WASHINGTON — When the Pentagon unveils its budget request Monday for the next fiscal year, it will back away from a commitment it made to Congress just a year ago -- to estimate how much the wars in Iraq and Afghanistan are likely to cost.
Last year, for the first time since the wars began, department budget officials detailed war spending plans for the year ahead at the same time it told Congress what its normal operating expenses would be.
But this year, although the Pentagon will go into great detail about how it plans to spend the billions of dollars it gets to run its normal operations, it will include only what officials call a "place-holder" for war funding.
According to budget documents obtained by The Times, the Pentagon will request $515.4 billion for its normal budget -- a 7.5% increase over current levels -- including $183.8 billion for new weapons systems.
But it will request only $70 billion for the conflicts in Iraq and Afghanistan.
With war costs running more than $12 billion a month, that funding would enable commanders to pay for the conflicts into the next presidential administration, but only briefly. The fiscal year begins Oct. 1.

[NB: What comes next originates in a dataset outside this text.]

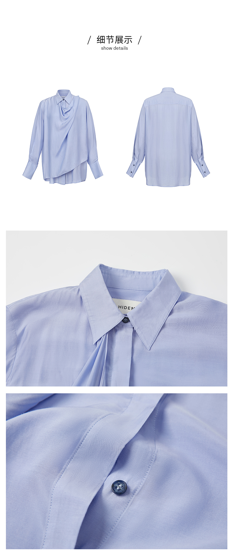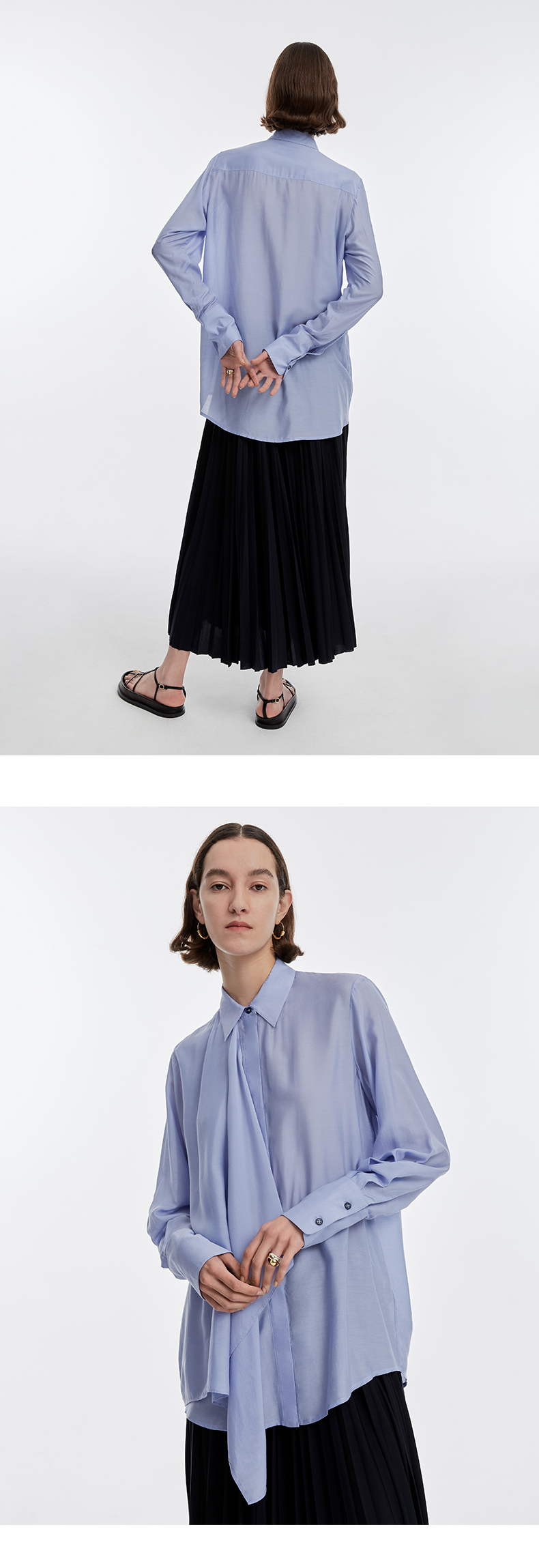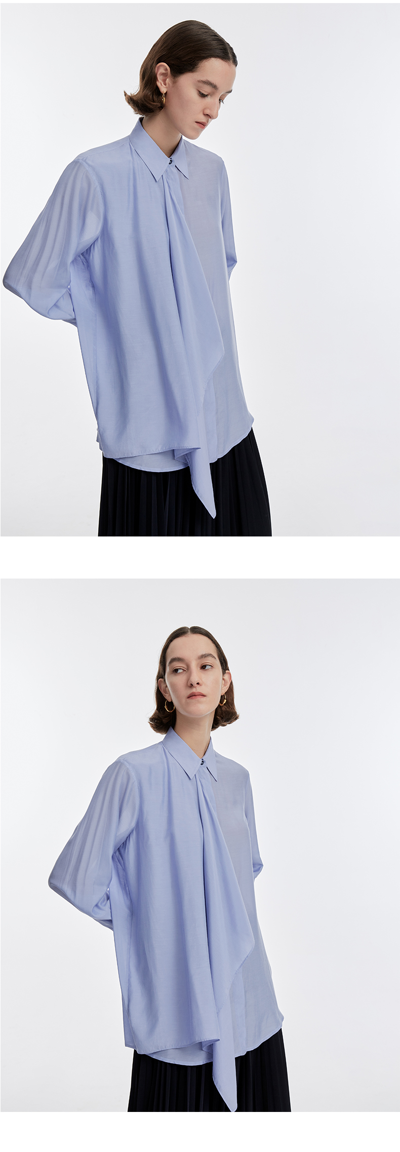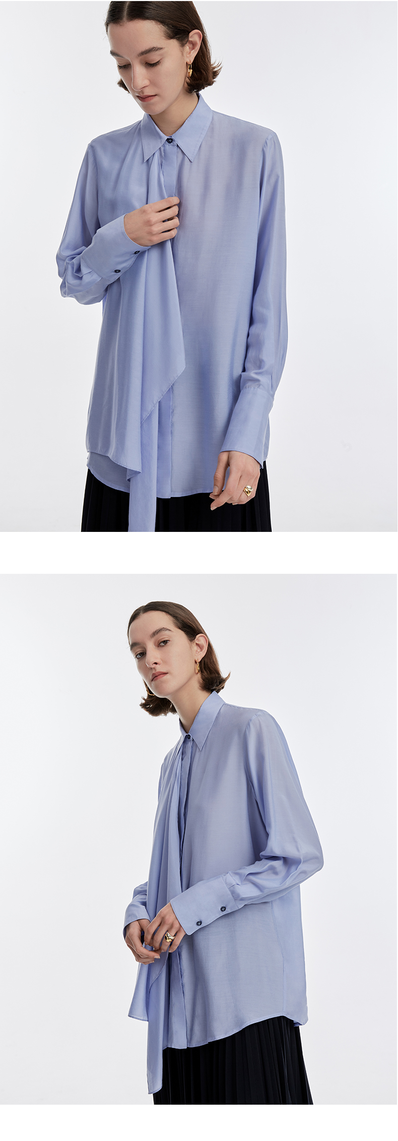HIDEMI 马卡龙蓝丝巾设计感柔顺桑蚕丝衬衫

More important, military budget analysts note, the war funding request will contain none of the details of where the Pentagon plans to spend its new cash. Critics have in the past accused the department of using war funding to buy weapons that should not be acquired through "emergency" spending bills -- including a new generation of high-end fighter planes.
"From a good-budgeting standpoint, they really should be requesting money for the full year, because you want to give your best-guess picture of what your overall plan is going to cost," said Steven M. Kosiak, a military budget analyst at the Center for Strategic and Budgetary Assessments, a nonpartisan think tank. "When you only provide partial-year funding, that really does give a deceptive view of how much it's going to cost."
Pentagon officials say the main reason for the reversal is the difficulty of estimating force levels and operational tempo so far into the future. Last year's $142-billion estimate, for example, has been revised twice, to $189 billion, primarily to pay for the Iraq troop buildup -- the largest annual sum for the wars to date.
But Pentagon officials are also bitter that, despite last year's attempt to be more transparent in their war funding request, Congress did not respond by giving the department what it wanted. Of the $189 billion requested, $87 billion has been appropriated.